The monastery has guest accommodation for males and females, with the males eating with the community at their long tables while, at a lectern above, a monk reads from the teachings of the Benedictines, and from new and challenging books. (Recently we heard an analysis of the papacy and anti-Semitism during the Nazi regime).

From an early age Dom Maurus Deegan wanted to be a monk. He had been in seminary, in the docklands of Liverpool, and in the wartime fire service he had witnessed appalling loss of life and suffering. He took his vows as a Benedictine monk at Prinknash Abbey in 1947, and the following year was on his way north, one of the five pioneer monks to revive the Benedictine community at Pluscarden.

On Thursday 12 May 2005, Dom Maurus set out in sunshine for his usual perambulation. He was wearing his white habit and slip-on shoes. Though still mobile at 93, he had cataracts, was deaf, and had a degree of dementia. In the preceding months he had been found, wandering and confused, miles from the monastery, and was either driven back, or one of the monks came by car to collect him. They took the placid view that it was wrong to restrict his movements. On that May day seven years ago the nonagenarian was seen going up the track to the Westerton Estate, one of his favourite walks, the many byways of which he knew totally. Hours later, when he wasn’t back at the monastery, the brothers weren’t unduly worried as they waited for a ringing phone, an arriving car.

That summer passed, but the dying foliage of autumn didn’t reveal the body of the monk, who seemed to have disappeared off the face of the earth, as if in miraculous heavenward ascent. A monk in the south reported a vision to Pluscarden: Dom Maurus is walking in the middle of the road, as he often did, when a van comes speeding round the bend, too fast to brake in time. Perhaps the driver is a boy-racer, or there are too many points on his licence. He panics, and the body of the monk is bundled into the back, to be buried at a distance from Pluscarden.

The circumstances of his disappearance have assumed the attributes of a fable. One of his brothers was sitting opposite him in the church at Pluscarden shortly before he vanished, and the way Dom Maurus was staring at him, the monk had the impression that a silent message was being transmitted: ‘Take a good look at me, because you won’t see me again’. This interpretation is plausible, because the old monk never liked to say goodbye.

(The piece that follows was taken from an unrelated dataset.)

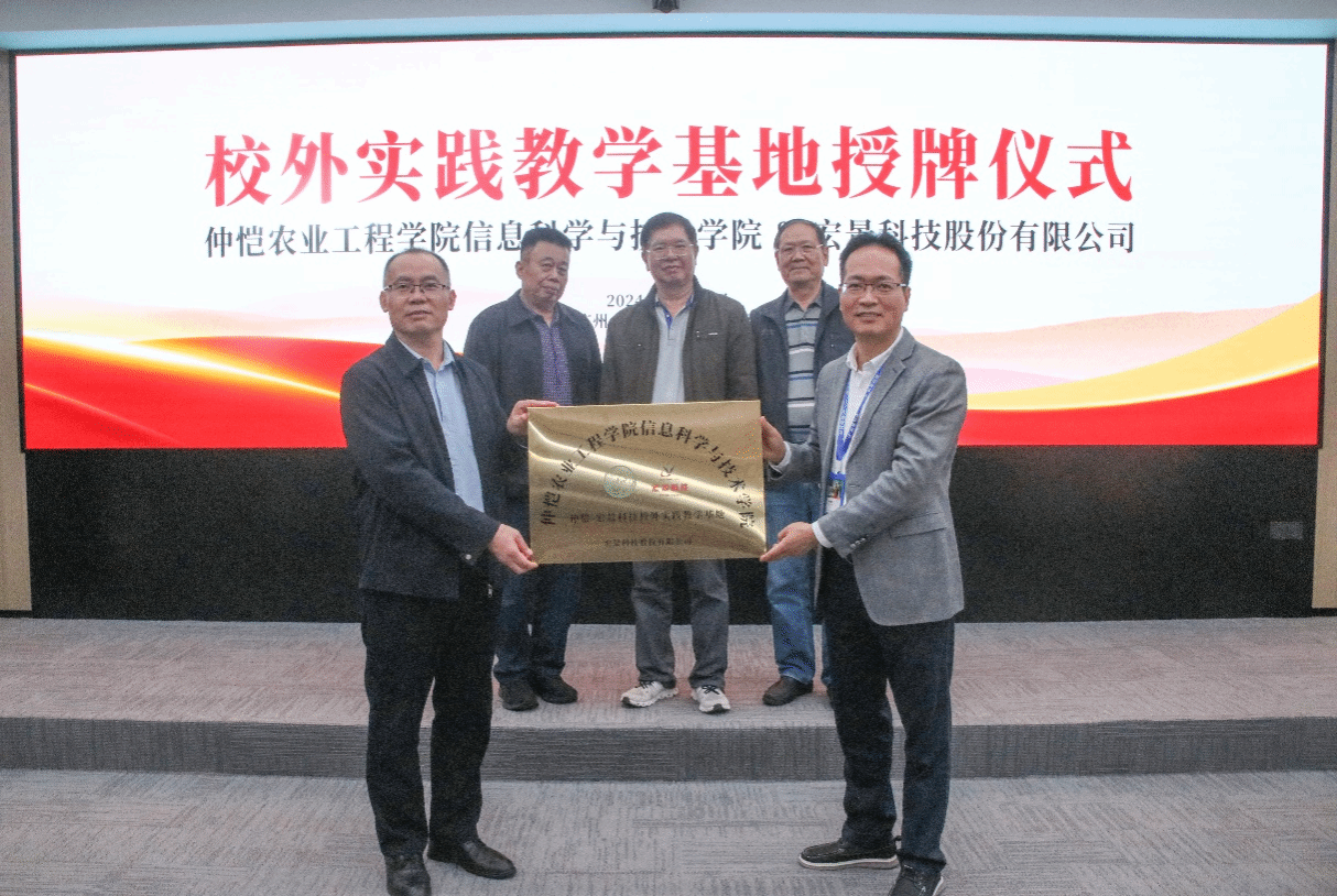 2024年11月25日,仲恺农业工程学院信息科学与技术学院院长刘双印教授、刘同来副教授赴宏景科技股份有限公司举行校外实习基地挂牌仪式,标志着双方在产学研合作方面取得了重要进展。在活动中,刘双印院长代表学院与宏景科技股份有限公司总裁林山驰共同为校外实习基地揭牌。此次合作,将为我院学生提供宝贵的实习实践机会,进一步深化校企合作,促进教育链、人才链与产业链、创新链的有机衔接。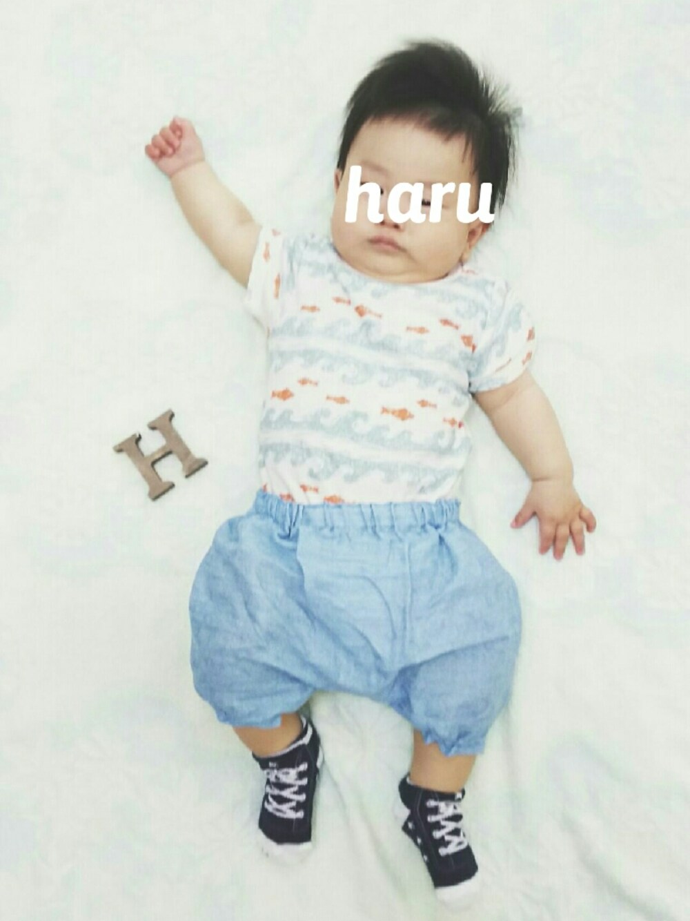 save,コメント,いいね ありがとうございます! 今日はカボチャパンツを作りました(^^) このたっぽり感が好きです♡ デニム風のWガーゼ生地なので 夏もたくさん履いてもらえそうです! しわしわなのは、、、すいません(笑) 上はロンパースなのでお腹が冷えない仕様です♡

A grave awaits him among the simple wooden crosses behind the shrubberies at Pluscarden, near to the resting place of his brother, who was also a monk. Father Benedict wrote in his ‘Oblate Letter’ at the time of the old monk’s disappearance in 2005: ‘It is certain that Dom Maurus was ready for death; that his whole mind and heart was turned longingly towards it’.

Did Dom Maurus sense that his time had come, and did he set out on his last walk that day in May, to a secluded place he had chosen years before, to lie down and await the end in the landscape he loved? That possibility is in my thoughts as I walk the Westerton estate tracks in the early morning, stopping to look for remains by the wayside. But perhaps it is wrong to do this. Even if I discovered the soiled heap of a habit, and some bones that animals have not disturbed, burying these at the monastery would only be a symbolic gesture. After Compline, the last service of the uplifting day, as I watch the silent monks ascending the night staircase to their cells, I know that Dom Maurus Deegan, priest, oblate master for 40 years, former prior, cellarer, novice master, mystic, exemplary human being, has gone to a place which, he knew for certain, had long since been prepared for him.